The LeMat revolver (sometimes referred to as the grapeshot revolver) is something of an anomaly. Patented by Dr. Francois Alexandre LeMat in 1856, it appears to be a simple revolver with a cylinder for loading nine bullets. There are varieties varying from .32 calibre to .42 calibre. The interesting thing about a LeMat revolver is that the pin about which the cylinder revolves is actually a large-calibre barrel (somewhere between .41 and .63 calibre) that fires a load of shot. It's sort of a revolver and a handheld shotgun combined into a single weapon. The hammer has an adjustable striker allowing the wielder of the gun to switch between firing one of the bullets through the upper barrel and firing the load of buckshot from the lower barrel.

They were first constructed in New Orleans in the 1860's, but then a little thing called the American Civil War happened. LeMat moved construction to France with the intention of selling the revolvers to the Confederate Army. The first batch was of such shoddy construction that construction was again moved, this time to Birmingham, England. The gun was a favorite personal handgun amongst a select few high-ranking Confederate officers.

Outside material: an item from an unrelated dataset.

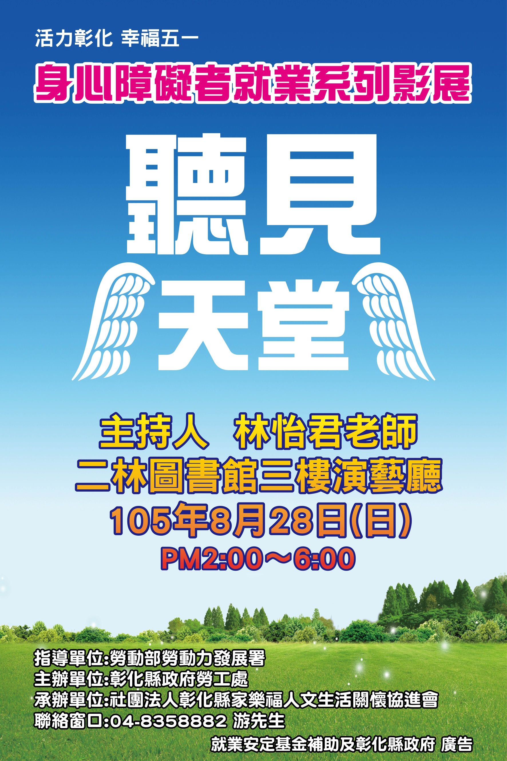 其他活動 Fun輕鬆看電影 歷史訊息 | 發布日期 2016/08/15~2016/09/15 | 發佈單位: 勞工處 | 發佈日期: 董小姐 04-7532477 | 更新日期 2016/08/15 | 瀏覽人數: 36人 FUN輕鬆看電影「聽見天堂」於8月28日(星期日)下午2~6時在二林鎮立圖書館辦理,歡迎民眾踴躍前往觀賞。本次影展入場時間為下午1時30分,採自由入座,報名專線04-8358882游先生。 彰化縣政府為促進社會大眾對身心障礙者就業議題之了解,特辦理此活動,希望藉由輕鬆且溫馨的影展方式,讓身障就業議題融入民眾的生活。「聽見天堂」是一部描述一位後天失明的視障朋友,重新適應生活及就業的心路歷程,活動亦安排身障就業專家林怡君老師擔任影評人,帶領與會人士了解身障朋友的特質及工作能力、相關就業措施及資源,讓社會大眾一起協助身心障礙者就業並創造友善環境。

There is considerable variation amongst LeMat two-barrel revolvers. There are .40 and .42 calibre varieties as well as a "Baby LeMat" which is a 9-shot .32 calibre gun with a .41 calibre buckshot barrel. The Baby LeMats are very rare; there were probably no more than 100 ever built. Also produced was the LeMat two-barrel revolving carbine which bears a resemblence to a rifle with two shortened barrels. The carbine had a nine-shot .42 calibre cylinder and a .63 calibre grapeshot barrel. It is unknown how many of the carbines were created.

LeMat continued to improve upon the designs of these weapons until his death in 1883, but the gun had gone out of style many years after the war had ended.